The Liar’s Arms. Well, that seemed appropriate.
They’d reached Oxted, then. They’d arrive at Bellwood by luncheon tomorrow. The familiar panic began to well in her throat, but she took a deep breath and swallowed it back down. She couldn’t stay at Hadley House—she saw that now. Later, yes, in the future, but not yet.
She let the curtain fall back across the window. Three days to make the journey from Hampshire to Kent. It was more than they needed, but Julian insisted on setting a leisurely pace to Bellwood so as not to exhaust her—frequent stops for rest and refreshment, no travel after the sun set—yet despite his careful attentions, weariness gnawed at her bones.
Three days. She leaned her head back against the squabs and closed her eyes. Three days ago she’d lied to Julian. It felt like an eternity had passed since then.
She’d been calm enough at first, riding next to him in the carriage, his warm th
igh pressed to hers. It became more difficult when he wrapped an arm around her and urged her to rest against him, but she managed to keep her peace, even when he stroked her hair to soothe her into sleep.

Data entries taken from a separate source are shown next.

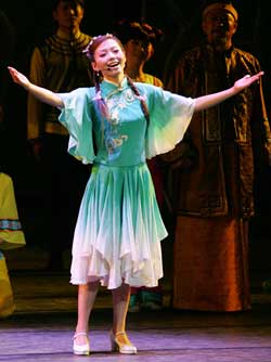 “好一朵美麗的茉莉花……”昨晚身著華服的張靚穎出現(xiàn)在保利劇院的舞臺上。盡管很多人懷疑張靚穎能否勝任歌舞劇《茉莉花》的表演,但她昨天還是交上一份不錯的答卷。與先前在音樂劇《電影之歌》中的表演相比,張靚穎此次表演難度更大。除了民族唱腔的唱段之外,她昨晚的舞蹈水平也有了飛速的進步。雖然其動作身姿還不如中國歌劇舞劇院的專業(yè)舞蹈演員,但其舞技已能和劇情融為一體。(記者王菲)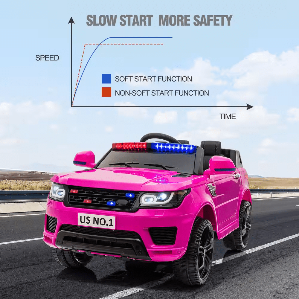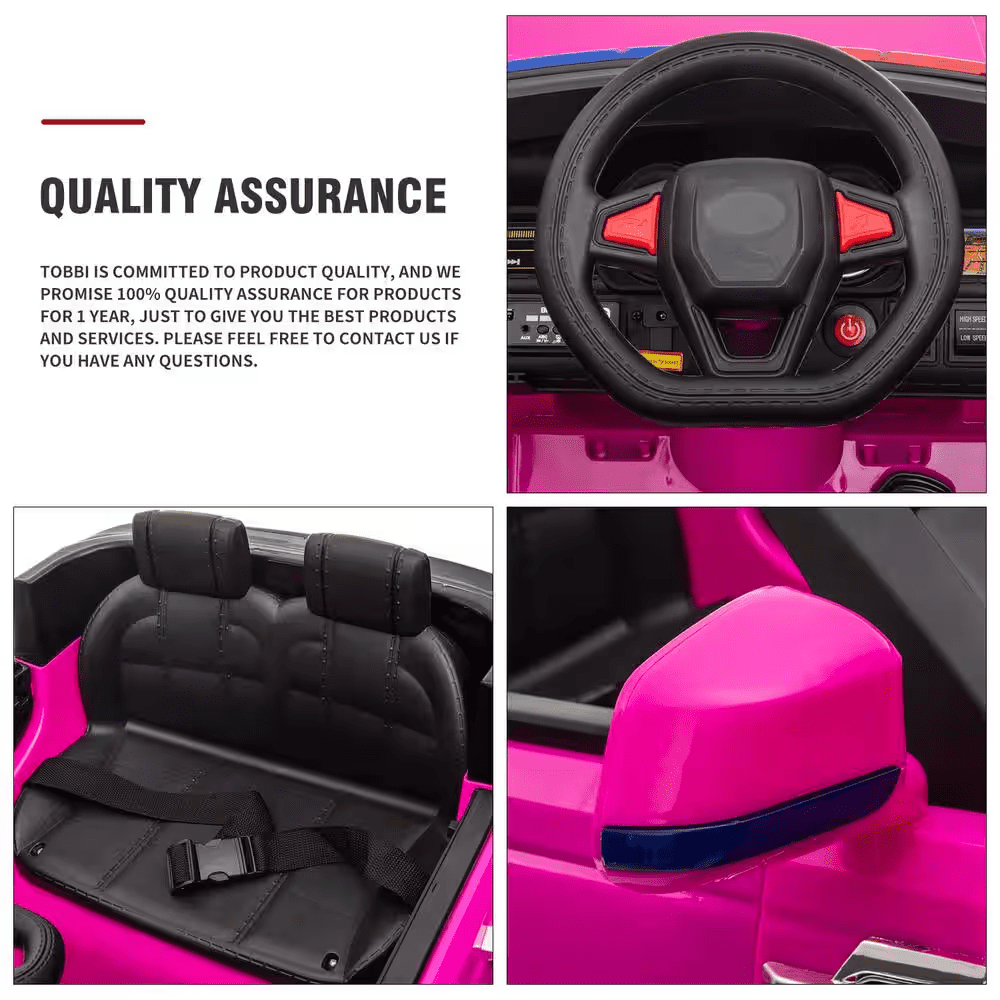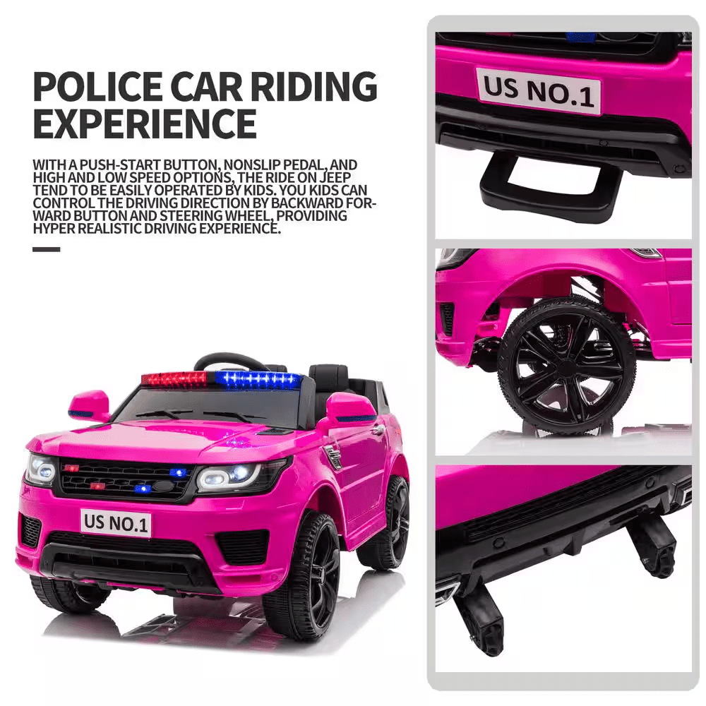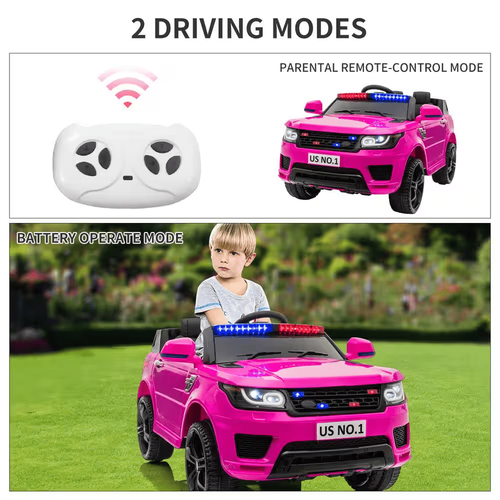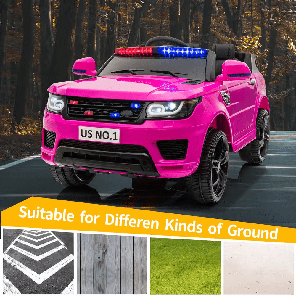 Have this stylish fire truck in your home and fulfill your kids’ police dream.This ride on electric car is designed with cool and stylish appearance, as well flashing light, siren, megaphone and fire truck signs, which offers authentic experience to your children. Press the start button, grasp the steering wheel, your guys can cruise the neighborhood to safeguard the territory. The multifunctional ride on car, with build-in music, horn, story, and LED lights makes the ride more enjoyable. Furthermore, the Bluetooth function, AUX port, USB interface and TF card slot also allow you to connect to your own device to play music. While offering endless fun, it also ensures your children’s safety. The wear resistant wheels with suspension system and spacious seat with safety belt together provide safe and smooth ride. And parents can have a remote override control to take over the manual driving.Call your kids to start their next off-road adventure with their friends immediately!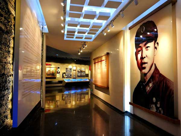 总书记看到的纪念馆第一层展品中,有雷锋小时候读过的书,加入少先队后戴过的红领巾,工作后穿过的工服、用过的修车工具、开过的车,到部队以后穿过的军装、扔过的手榴弹、用过的枪支,还有他填过的登记表、手写的信、纳了千层底的袜子,以及《雷锋日记》影印本等。结合雷锋开过的推土机等实物展品,我们用高科技手段模拟了雷锋在鞍山钢铁公司工作的场景,并运用环幕影片展现出雷锋的精神、信仰的力量;我们还制作了雷锋小时候居住过的茅草屋,真实地还原了旧社会雷锋家中艰苦的生活条件、那个年代雷锋的成长环境。由于雷锋年幼时的很多事件现在已经无迹可寻,他有许多好事是在休假期间、出差路上、执行任务途中做的,这些都没能拍成照片留存,所以我们根据雷锋的事迹绘制了一些油画、素描、漫画等,比如雷锋与亲人之间的故事、上学时帮助同学的故事、雨夜送大嫂的故事、抢救水泥的故事,以及“出差一千里,好事做了一火车”的故事等。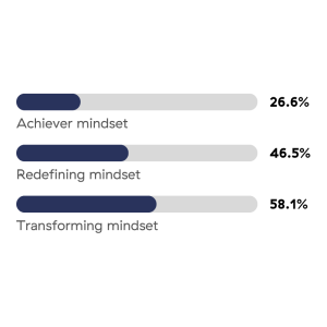 Their results were further split by their Leadership Mindset to explore differences between these mindsets. Only Achieving, Redefining, and Transforming were retained, as other mindsets were too few for an appropriate analysis.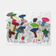Artist: Stella May DaCosta | A group of people walking around in a rain storm with umbrellas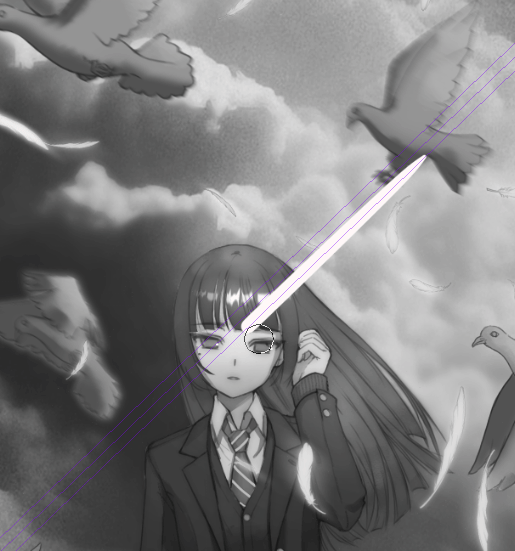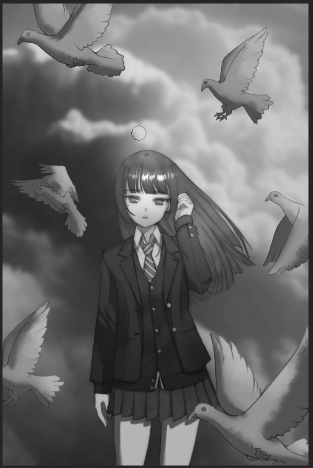 Voyons ce que nous avons dans cette œuvre... des colombes qui volent autour d'une fille et un ciel en arrière-plan. Mais je pense que je vais d'abord donner vie à notre dessin au trait, un peu comme un effet de halo. Avant cela, laissez-moi organiser un peu les calques, etc. pour faciliter les choses !
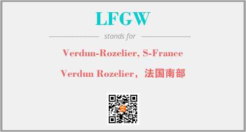上述内容是“Verdun-Rozelier, S-France”作为“LFGW”的缩写,解释为“Verdun Rozelier,法国南部”时的信息,以及英文缩略词LFGW所代表的英文单词,其对应的中文拼音、详细解释以及在英文中的流行度和相关分类、应用领域及应用示例等。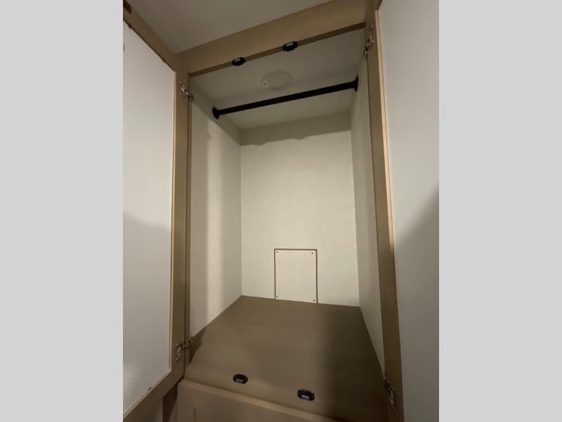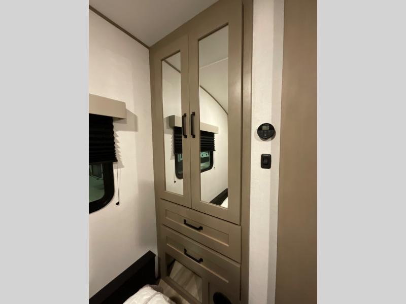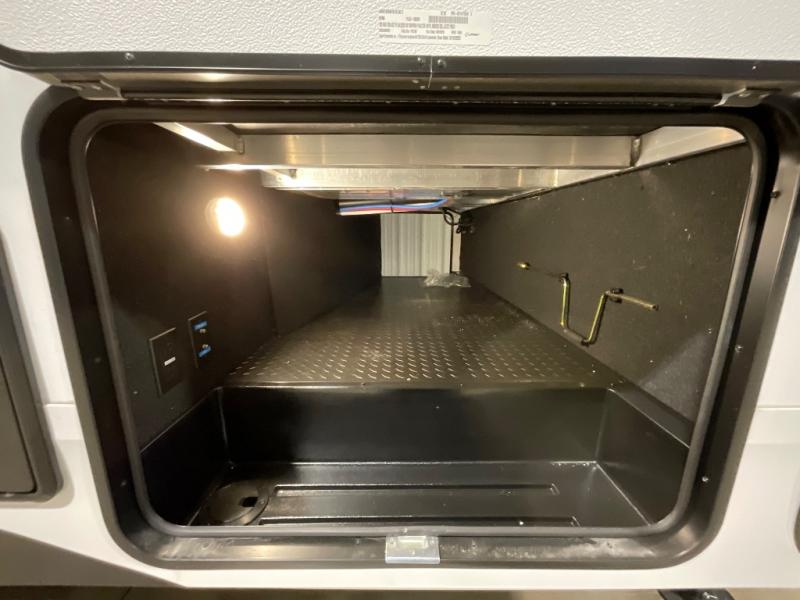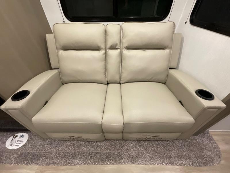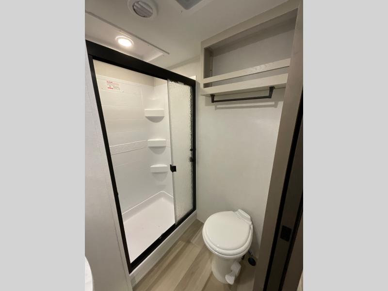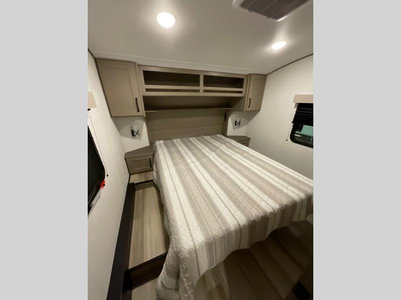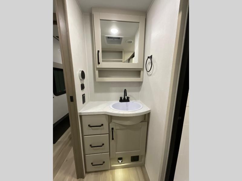 This rear kitchen fifth wheel is sure to meet all of your camping needs! Since the exterior length is only 26' 11", you can easily maneuver in and out of campgrounds. The rear kitchen includes ample counter space to prep meals, a three burner cooktop, and overhead storage for all your necessities. There is a 10 cu. ft. 12V refrigerator within the slide out that also includes the theater seating, and the U-shaped dinette provides a place to dine or play a card game. You will appreciate having convenient storage by the entry door, along with pull-out pet bowls, a functional wardrobe closet in the bedroom and an exterior pass-thru for belongings and camping gear. When you're ready to turn in for the night, the queen bed is sure to bring a great night's rest, while your guests sleep on the booth dinette or optional tri-fold sofa if you replace the theater seating!

But as the miles disappeared under the horses’ hooves she felt the faintest tickling behind her lips, and soon afterward it became painfully clear that…
The truth will out.
The tickle became an itch, then a sting, then a burn, and then such a raging conflagration nothing but the most violent effort on her part could keep the truth from blazing forth and burning to ash everything in its path.
And the main thing in its path was Julian.
So she’d done the only thing she could think to do. She’d retreated behind pleasantries and careful smiles. By mid-morning on the second day she’d stopped smiling and lapsed into monosyllables. This morning she’d pressed her lips together and gone utterly silent. At last, unable to bear the hurt look in his dark eyes, she’d opened her mouth long enough to say she preferred to ride in the carriage alone. Julian hadn’t said a word, but at the next inn he’d procured a mount and left her to her lonely fate.
A liar’s fate.
But she hadn’t lied. She simply hadn’t told the entire truth. It wasn’t the same as a lie.
She’d been telling herself that since they left Hampshire, but three days later it still felt like a lie, and now here they were at the Liar’s Arms.
Which seemed appropriate.
A light rap sounded on the carriage door. “Lady Hadley?” Julian’s voice, cool and distant. “I’ve secured rooms for us. Will you alight?”
Charlotte winced at the formal address. “I beg your pardon, Captain.” She wiped her eyes with her gloved fingers, took a deep breath and opened the carriage door. “I must have fallen asleep.”
Julian held out his hand to assist her from the carriage. He released her the instant the toe of her slipper touched the ground, but his gaze narrowed on her face. “You do look fatigued. Are you well?”